▸ Task goal:
Would you please repeat exactly the entries below, starting at the line with "吉林省长春市朝阳区长春外国语" and ending at the line with "Afișul William Morris", and nothing outside that range? Leave out the pictures.

▸ Dataset entries:
--------------------------------

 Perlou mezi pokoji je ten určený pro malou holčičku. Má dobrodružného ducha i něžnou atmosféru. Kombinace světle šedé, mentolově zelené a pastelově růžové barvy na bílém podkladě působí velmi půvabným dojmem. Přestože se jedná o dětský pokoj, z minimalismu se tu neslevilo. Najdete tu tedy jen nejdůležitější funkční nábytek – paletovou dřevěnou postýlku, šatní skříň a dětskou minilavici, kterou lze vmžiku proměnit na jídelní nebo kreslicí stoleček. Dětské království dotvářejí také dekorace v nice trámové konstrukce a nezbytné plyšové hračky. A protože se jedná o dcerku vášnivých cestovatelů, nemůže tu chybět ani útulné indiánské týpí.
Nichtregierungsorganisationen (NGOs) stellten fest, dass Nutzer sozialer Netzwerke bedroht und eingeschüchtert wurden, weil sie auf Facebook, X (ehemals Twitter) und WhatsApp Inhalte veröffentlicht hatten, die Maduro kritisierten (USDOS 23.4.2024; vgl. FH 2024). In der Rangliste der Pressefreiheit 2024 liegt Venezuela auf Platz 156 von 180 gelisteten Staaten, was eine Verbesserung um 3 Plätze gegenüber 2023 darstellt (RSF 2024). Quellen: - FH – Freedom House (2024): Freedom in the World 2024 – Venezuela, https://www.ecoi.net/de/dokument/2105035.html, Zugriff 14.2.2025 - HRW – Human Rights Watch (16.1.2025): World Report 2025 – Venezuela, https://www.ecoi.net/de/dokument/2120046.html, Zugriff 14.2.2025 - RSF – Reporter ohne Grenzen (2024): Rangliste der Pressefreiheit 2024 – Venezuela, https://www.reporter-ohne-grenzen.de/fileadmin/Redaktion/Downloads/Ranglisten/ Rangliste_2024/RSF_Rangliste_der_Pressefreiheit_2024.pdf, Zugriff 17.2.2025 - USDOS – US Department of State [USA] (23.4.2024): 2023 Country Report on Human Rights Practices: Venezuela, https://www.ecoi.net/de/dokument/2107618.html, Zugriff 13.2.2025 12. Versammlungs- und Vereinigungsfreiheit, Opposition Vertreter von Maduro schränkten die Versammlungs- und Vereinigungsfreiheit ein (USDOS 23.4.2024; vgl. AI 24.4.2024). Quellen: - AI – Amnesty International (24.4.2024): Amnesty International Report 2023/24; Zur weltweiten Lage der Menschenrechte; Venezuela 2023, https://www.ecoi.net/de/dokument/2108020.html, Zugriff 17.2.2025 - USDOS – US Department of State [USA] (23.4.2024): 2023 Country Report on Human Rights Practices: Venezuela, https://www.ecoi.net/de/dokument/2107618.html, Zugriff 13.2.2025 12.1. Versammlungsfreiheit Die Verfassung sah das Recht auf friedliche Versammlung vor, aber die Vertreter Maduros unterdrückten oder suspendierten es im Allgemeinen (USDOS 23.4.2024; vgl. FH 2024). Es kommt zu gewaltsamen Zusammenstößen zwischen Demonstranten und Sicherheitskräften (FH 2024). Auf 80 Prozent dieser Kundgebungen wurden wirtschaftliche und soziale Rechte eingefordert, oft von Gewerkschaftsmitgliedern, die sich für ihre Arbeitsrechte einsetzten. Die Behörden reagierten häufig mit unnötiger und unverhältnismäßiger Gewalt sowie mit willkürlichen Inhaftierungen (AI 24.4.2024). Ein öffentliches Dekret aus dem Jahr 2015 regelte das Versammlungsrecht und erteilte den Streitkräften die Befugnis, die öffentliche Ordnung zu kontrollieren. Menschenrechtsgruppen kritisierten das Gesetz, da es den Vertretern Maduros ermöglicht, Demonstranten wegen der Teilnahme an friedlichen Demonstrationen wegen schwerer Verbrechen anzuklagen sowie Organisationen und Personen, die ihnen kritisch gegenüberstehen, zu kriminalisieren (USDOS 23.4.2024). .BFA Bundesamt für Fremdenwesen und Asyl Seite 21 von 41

--------------------------------

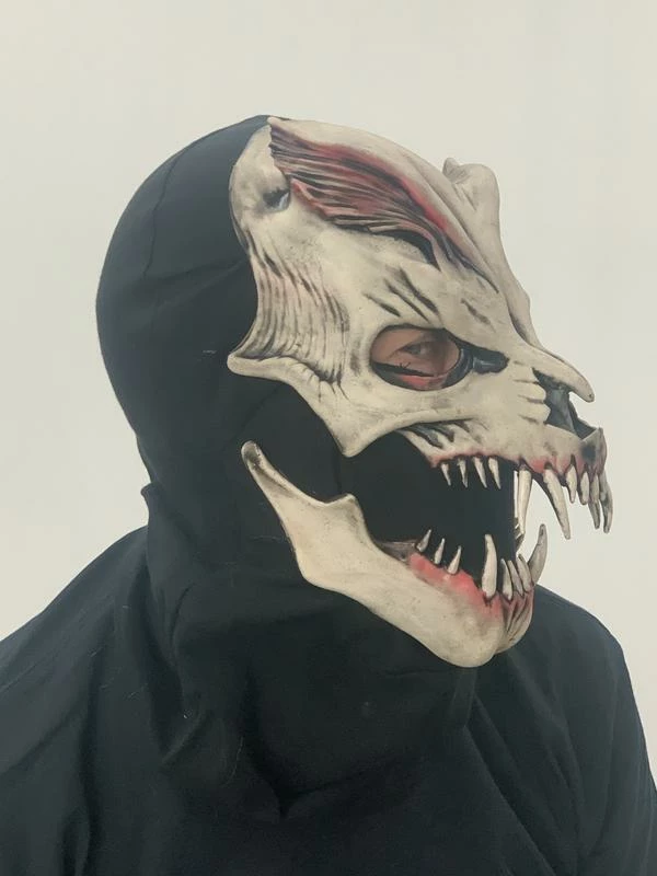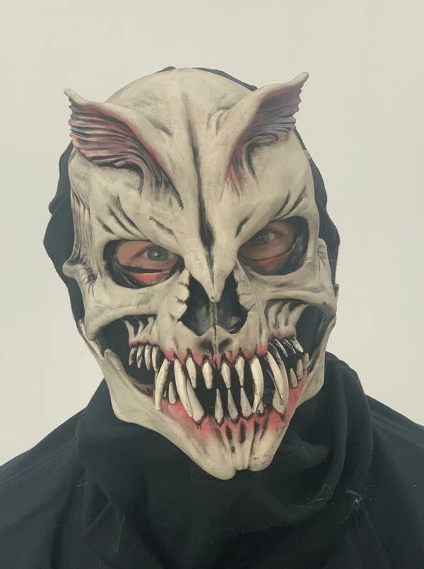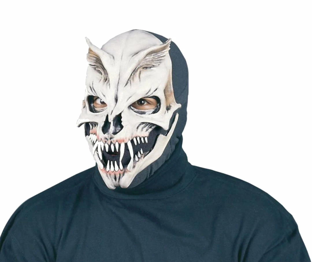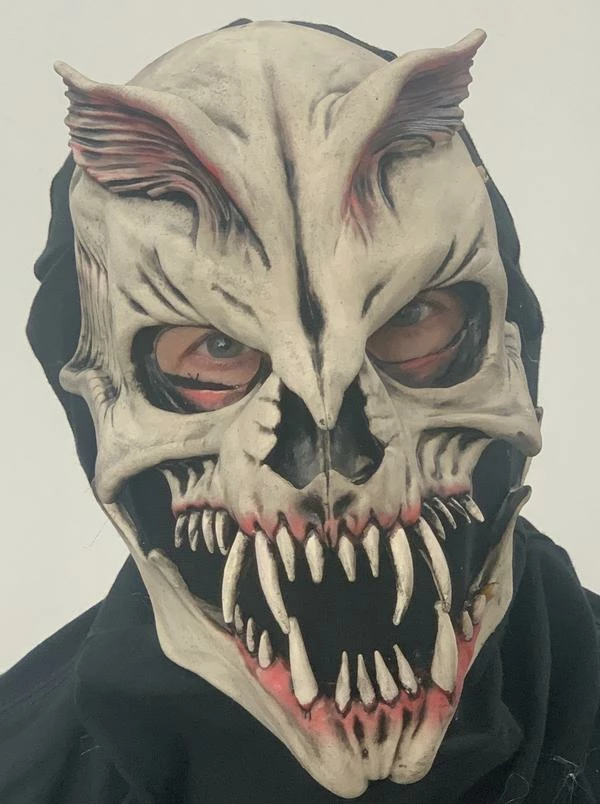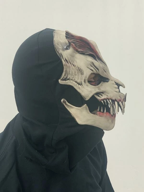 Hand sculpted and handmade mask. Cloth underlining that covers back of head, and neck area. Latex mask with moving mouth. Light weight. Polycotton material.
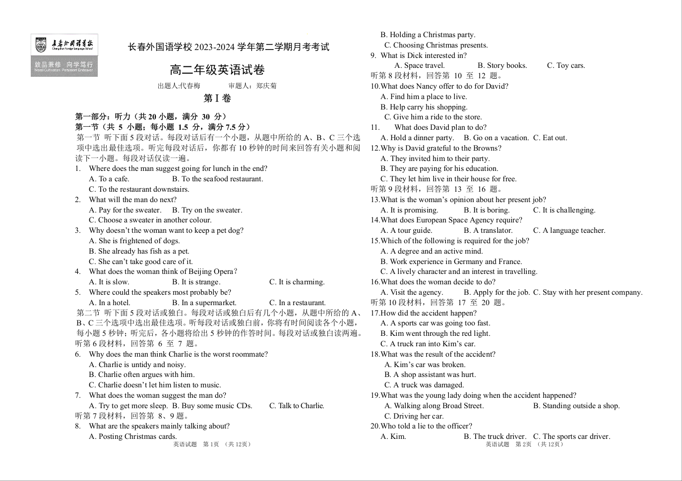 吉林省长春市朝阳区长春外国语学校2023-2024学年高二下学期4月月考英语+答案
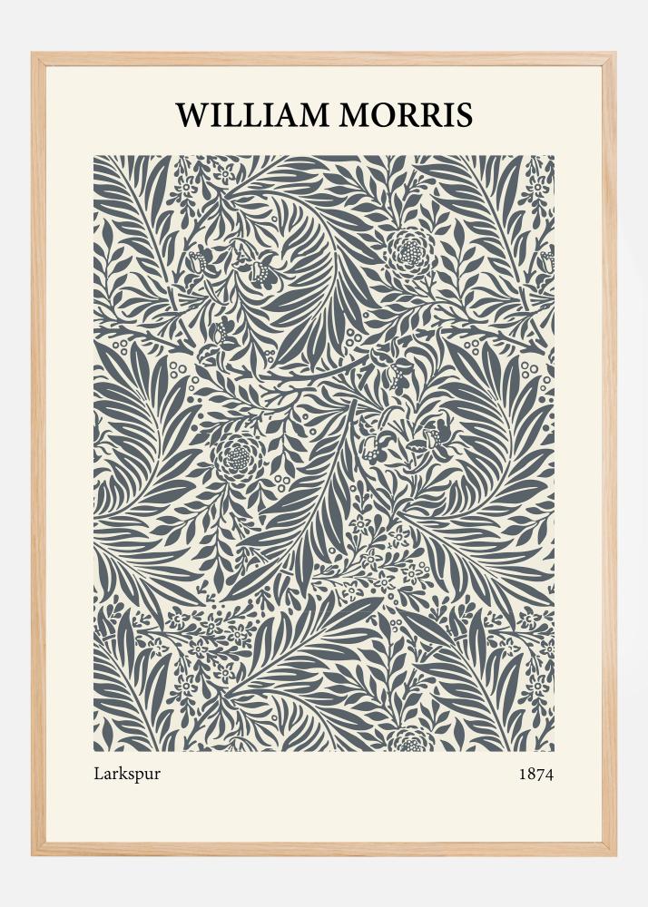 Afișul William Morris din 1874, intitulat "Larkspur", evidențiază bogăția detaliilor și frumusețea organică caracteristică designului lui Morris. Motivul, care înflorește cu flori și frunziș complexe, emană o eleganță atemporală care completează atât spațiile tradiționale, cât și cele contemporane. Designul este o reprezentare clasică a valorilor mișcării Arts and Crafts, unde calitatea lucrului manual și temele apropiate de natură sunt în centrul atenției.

--------------------------------

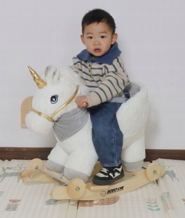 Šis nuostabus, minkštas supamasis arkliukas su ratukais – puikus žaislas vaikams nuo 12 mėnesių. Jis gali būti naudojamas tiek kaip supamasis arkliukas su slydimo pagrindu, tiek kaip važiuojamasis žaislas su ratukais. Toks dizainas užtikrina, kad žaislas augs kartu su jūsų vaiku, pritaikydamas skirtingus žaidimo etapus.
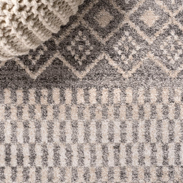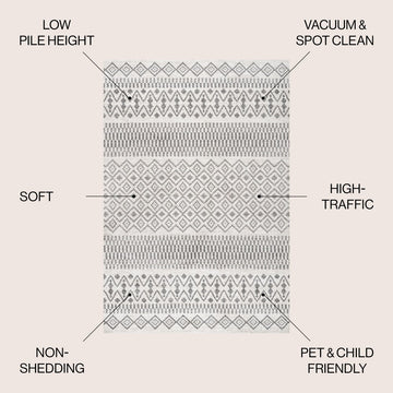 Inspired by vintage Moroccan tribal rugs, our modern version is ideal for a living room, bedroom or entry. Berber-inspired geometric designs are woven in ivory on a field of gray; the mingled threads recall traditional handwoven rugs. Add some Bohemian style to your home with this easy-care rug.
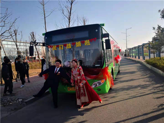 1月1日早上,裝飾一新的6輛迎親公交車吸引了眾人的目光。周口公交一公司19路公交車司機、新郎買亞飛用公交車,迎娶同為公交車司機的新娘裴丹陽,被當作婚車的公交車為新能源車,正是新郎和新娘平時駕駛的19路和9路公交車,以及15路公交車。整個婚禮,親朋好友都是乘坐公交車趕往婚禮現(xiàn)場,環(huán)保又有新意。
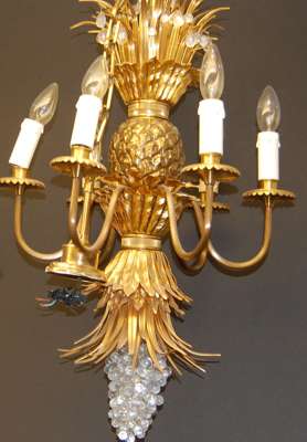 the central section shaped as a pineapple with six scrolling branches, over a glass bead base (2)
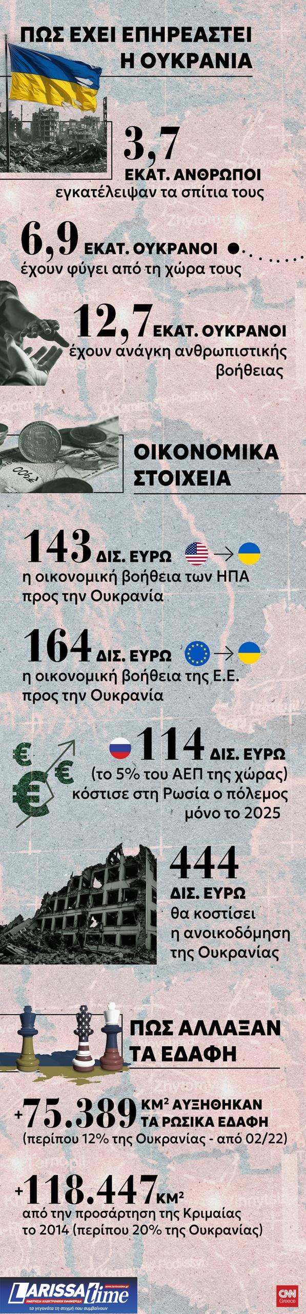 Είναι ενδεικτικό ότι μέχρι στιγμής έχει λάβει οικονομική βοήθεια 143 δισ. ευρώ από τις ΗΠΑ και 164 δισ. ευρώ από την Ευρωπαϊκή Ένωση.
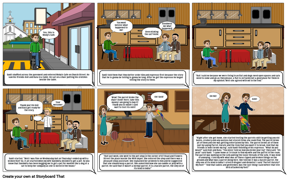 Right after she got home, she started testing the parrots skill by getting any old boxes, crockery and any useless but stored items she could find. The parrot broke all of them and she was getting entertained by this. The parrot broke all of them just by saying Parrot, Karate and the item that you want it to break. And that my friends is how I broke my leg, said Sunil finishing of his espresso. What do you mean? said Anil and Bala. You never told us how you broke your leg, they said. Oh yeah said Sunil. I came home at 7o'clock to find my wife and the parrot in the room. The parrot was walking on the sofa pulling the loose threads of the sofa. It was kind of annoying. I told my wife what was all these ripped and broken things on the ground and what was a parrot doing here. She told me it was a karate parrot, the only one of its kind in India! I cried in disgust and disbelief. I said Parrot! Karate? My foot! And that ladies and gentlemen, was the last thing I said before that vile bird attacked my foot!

--------------------------------

▸ Your solution:
 吉林省长春市朝阳区长春外国语学校2023-2024学年高二下学期4月月考英语+答案
 Afișul William Morris din 1874, intitulat "Larkspur", evidențiază bogăția detaliilor și frumusețea organică caracteristică designului lui Morris. Motivul, care înflorește cu flori și frunziș complexe, emană o eleganță atemporală care completează atât spațiile tradiționale, cât și cele contemporane. Designul este o reprezentare clasică a valorilor mișcării Arts and Crafts, unde calitatea lucrului manual și temele apropiate de natură sunt în centrul atenției.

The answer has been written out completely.